Dans « La loi de Moïse », son deuxième volume, Jean Soler s’attaque aux Dix Commandements et, là encore, remet en question le caractère universel qu’ils revêtent aujourd’hui. Ainsi rend-il au « Tu ne tueras pas » qui est un des piliers de la religion, sa signification originelle. L’interdiction concerne les seuls Israélites et nullement les autres peuples qui, à l’exemple des Cananéens, sont massacrés sur les ordres de Iahvé lui-même. De même, le précepte fondamental « Tu aimeras ton prochain comme toi-même », loin de prêcher l’amour universel, ne considère comme « prochain » que les seuls Hébreux. Il faudrait encore s’arrêter sur la notion du bien et du mal revue et corrigée par Jean Soler et surtout sur sa passionnante analyse du Cantique des Cantiques, « texte déviant » qui tout à coup fait entendre une voix de femme et parle d’amour et de vin. 

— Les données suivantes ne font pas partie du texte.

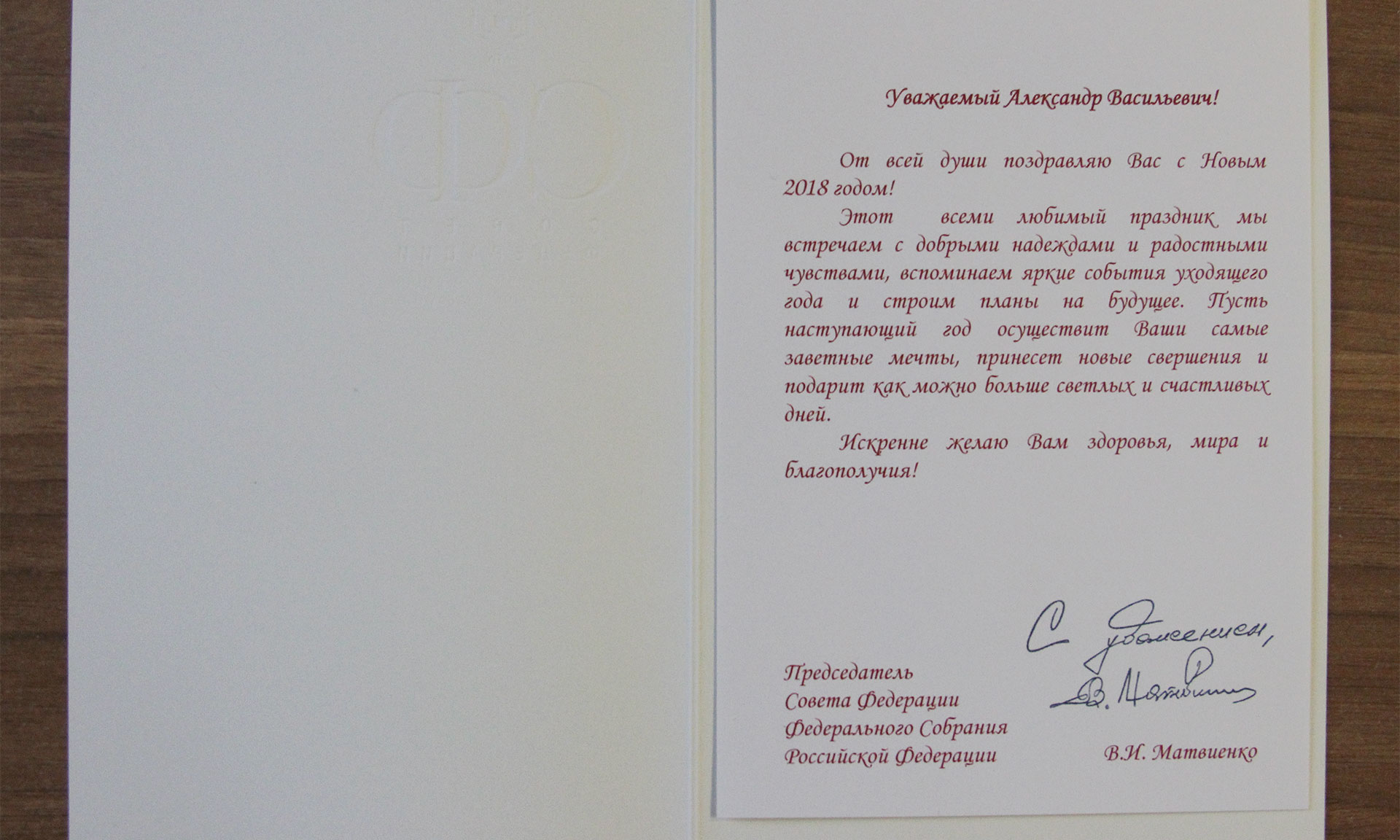 Губернатора Брянской области поздравила Председатель Совета Федерации Федерального Собрания Российской Федерации Валентина Матвиенко. В поздравлении говорится: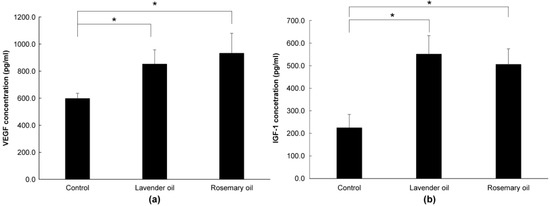 Upregulation of hair growth factors by lavender (0.01%) and rosemary (0.01%) oils in the 3D-Dermal papilla cell (3D-DPC) culture system. To confirm the results of the 2D-DPCs culture system, cells were treated with essential oils in the 3D-DPCs culture system. (a) VEGF mRNA expression was analyzed by qRT-PCR. * p < 0.01 between the essential oils-treated samples and non-treated control DPCs. (b) IGF-1 mRNA expression was analyzed by qRT-PCR. * p < 0.01 between the essential oils-treated samples and non-treated control DPCs.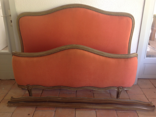 Antique French Louis XV Demi Corbeille Bed Red Coral Brushed Cotton Long Gilt Gilded Walnut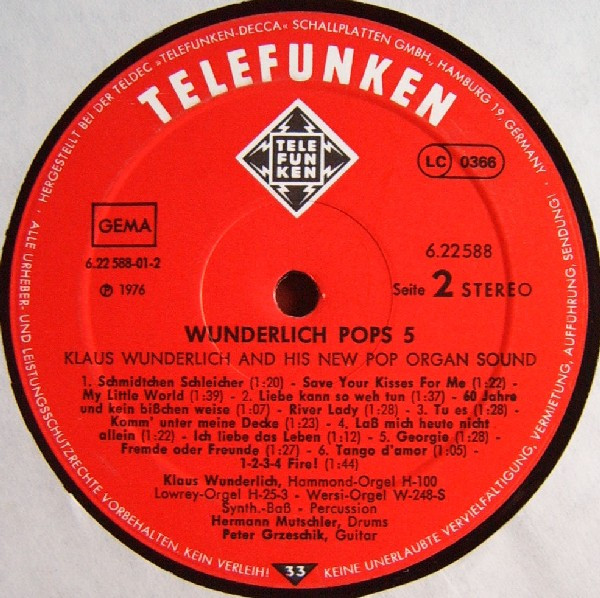 - Organ [Hammond-Orgel H100, Lowrey-Orgel H-25-3, Wersi-Orgel W-248-S], Synthesizer [Synth.-Baß], Percussion – Klaus Wunderlich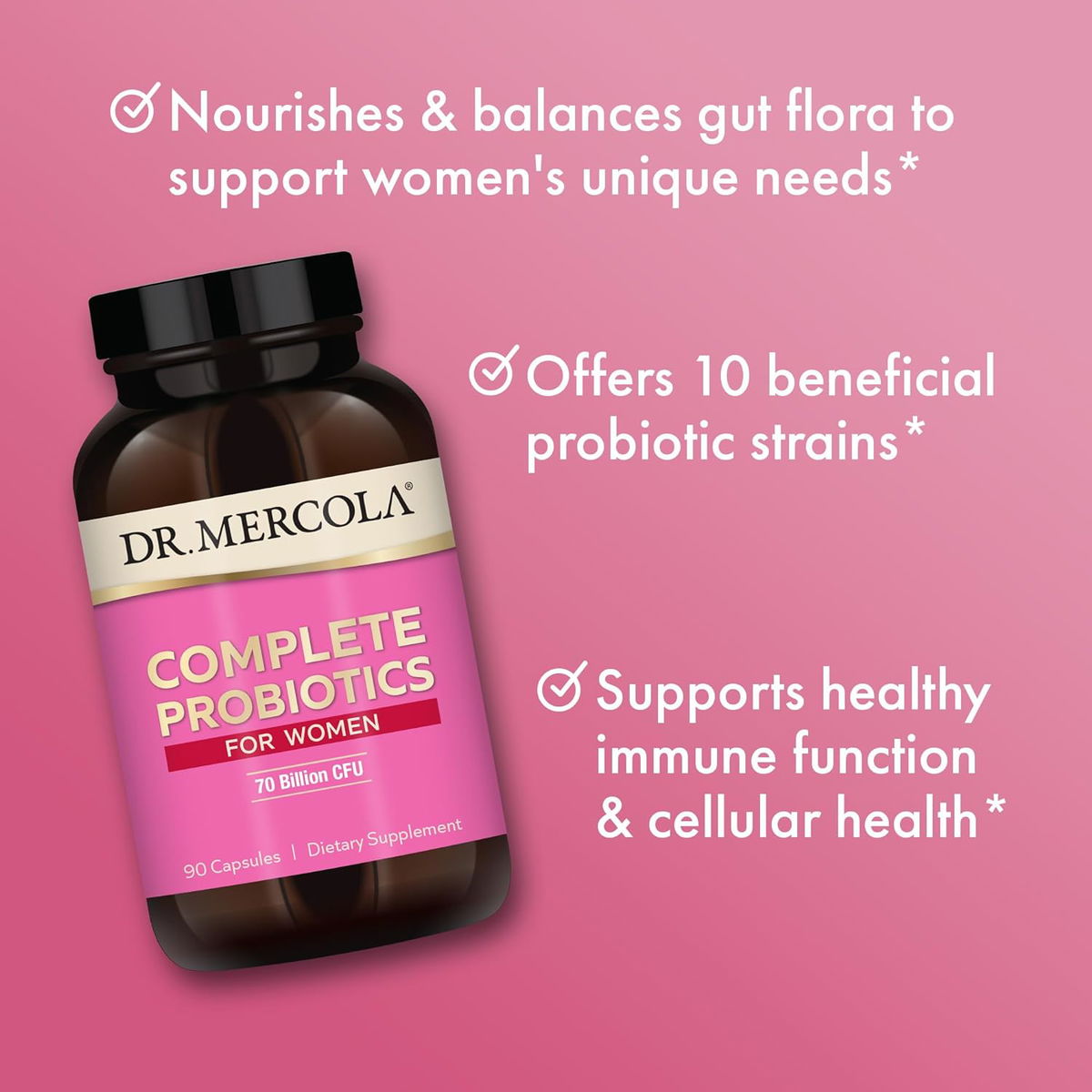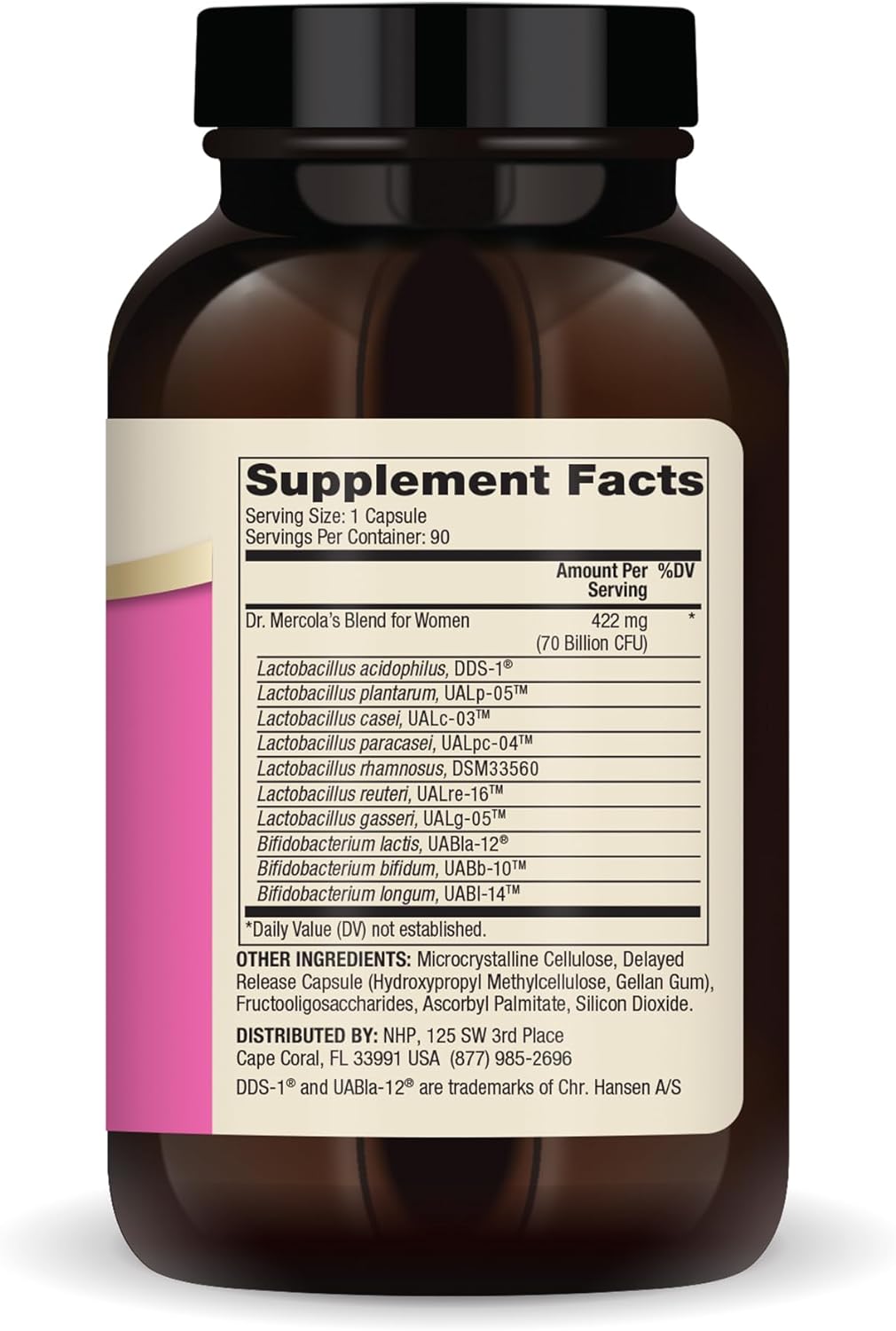Dr. Mercola Probióticos completos para mujeres, 70 mil millones de UFC, , suplemento dietético, apoya la salud digestiva, sin OMG.
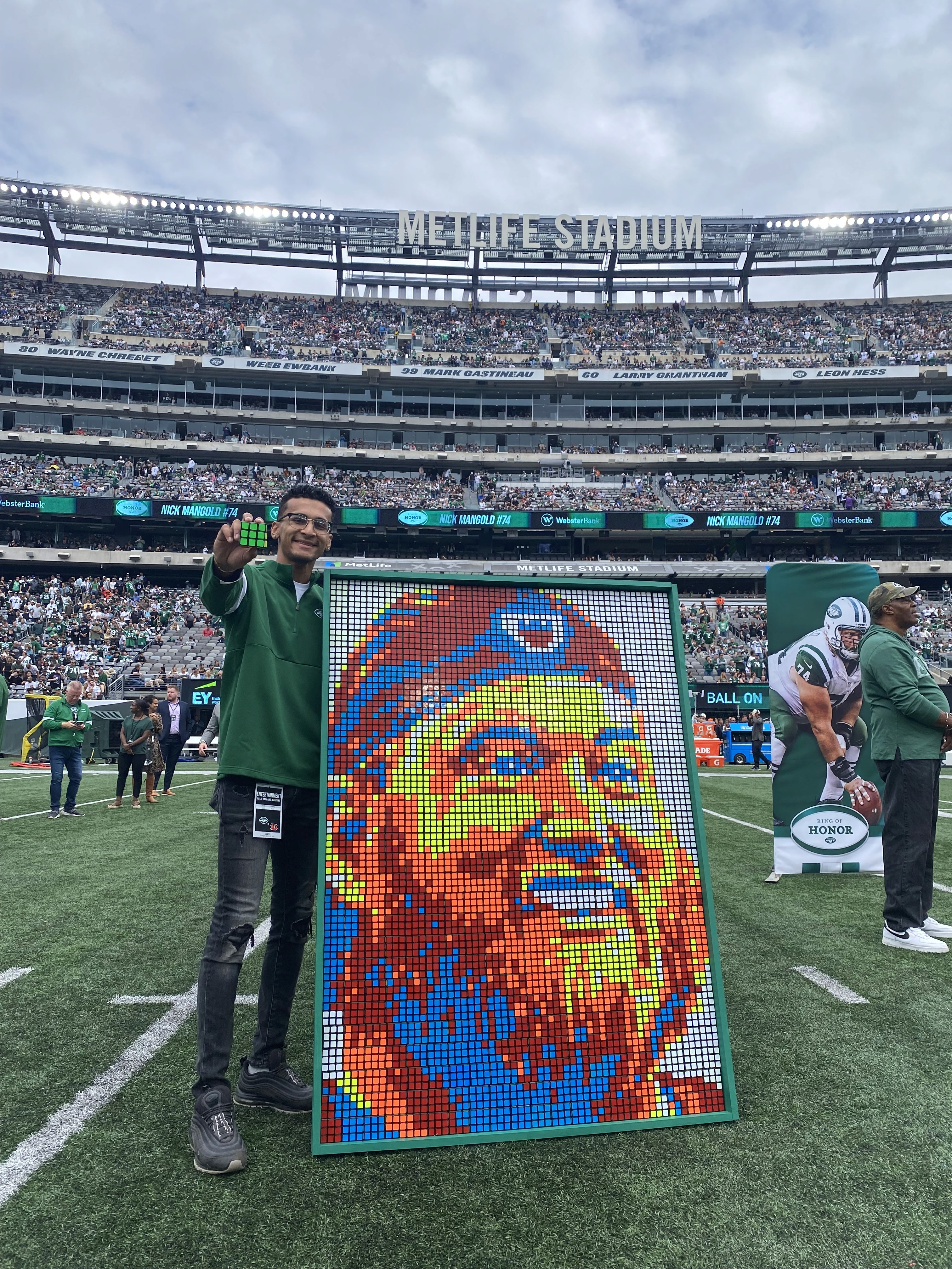 Meet Dylan Sadiq, a full-time cube artist who builds massive mosaic artworks using hundreds or even thousands of cubes. With a background in biomedical engineering from Rutgers University, Dylan began creating these pieces as a hands-on at-home project during the COVID college years. What started as a tribute to his favorite athletes quickly evolved into a global movement. Today, he unites fans, stuns live audiences, and helps the world’s biggest brands tell their stories through unforgettable art. If you are interested in working together, book a call by clicking the button below.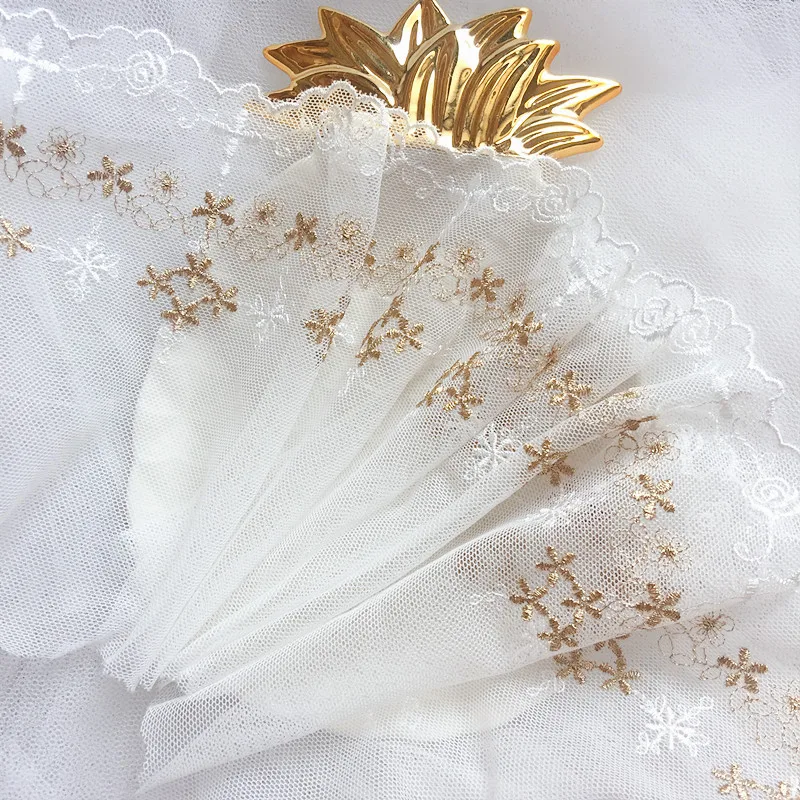 Тонкая золотая нить вышивка Цветочная Сетка кружевная отделка Одежда украшение для дома вышивка кружевные аксессуары 15 см в ширину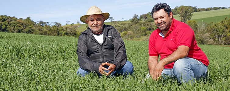 Cultiva cerca de 240 alqueires de lavoura e, em outra área semelhante, cria gado de corte, com apoio do filho Tadeu Voroniuk Junior, veterinário por formação. “Graças a Deus, a tecnologia e serviços oferecidos pela Coamo, estamos melhorando nossos resultados a cada ano”, agradece. Braço direito nas atividades e na vida do seu Tadeu, o também cooperado e filho Junior, carrega com orgulho o mesmo nome do pai, além de seguir os mesmos passos no trabalho. Ligado à agricultura e, sobretudo a pecuária, pela formação veterinária, Junior é outro que valoriza a parceria com a Coamo. “A tecnologia oferecida pela Coamo e o trabalho da cooperativa agregam ao nosso desenvolvimento no campo. A cooperativa para nós tem sido fundamental, porque alavanca a atividade do início até o fim. A cada ano que passa melhora ainda mais”, comenta.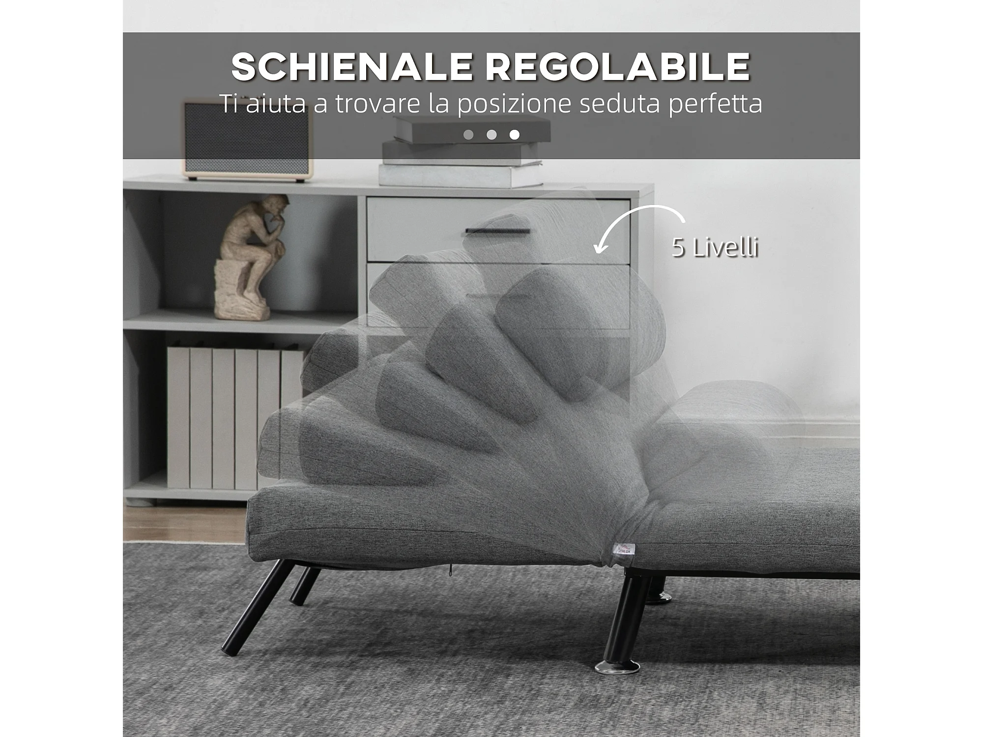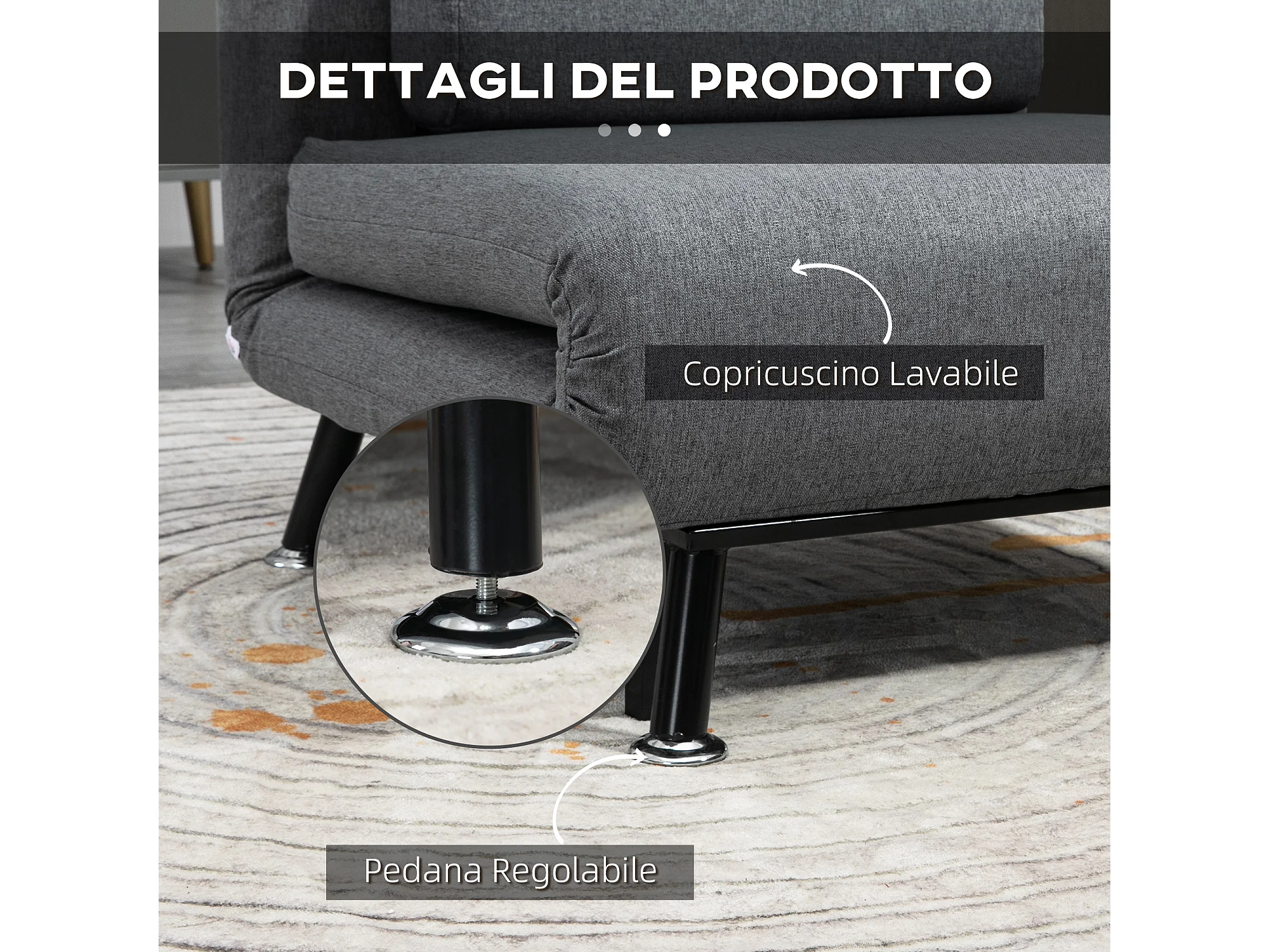 Poltrona letto con schienale regolabile in 5 posizioni grigio

Dans le troisième volume, « Sacrifices et interdits alimentaires dans la Bible », Jean Soler revient à des rites plus terre à terre qui montrent à quel point les textes sacrés ont régi la vie quotidienne des Hébreux. Là encore, les révélations sont nombreuses et notamment celle-ci : « La mort, pour les hommes de la Bible, est sans au-delà. » Étonnant, non ? C’est seulement mille ans après Moïse qu’on parlera d’une vie après la mort. On n’en finirait pas de citer les idées reçues que démonte tranquillement Jean Soler dans tous les aspects d’un « livre aussi célèbre que mal lu : la Bible. » Son éclairage vaut aussi pour les temps que nous vivons et n’en est que plus salutaire.

Bernard Revel

 

(*) « Aux origines du Dieu unique ».

Tome 1 : « L’invention du monothéisme ».

Tome 2 : « La Loi de Moïse ».

Tome 3 : « Sacrifices et interdits dans la Bible ». (Éditions de Fallois et collection de poche Pluriel chez Hachette Littératures).

Jean Soler a publié depuis, toujours chez de Fallois, « La violence monothéiste » (2008), « Qui est Dieu » (2012), « Le sourire d’Homère » (2014), « Dieu et moi » (2016).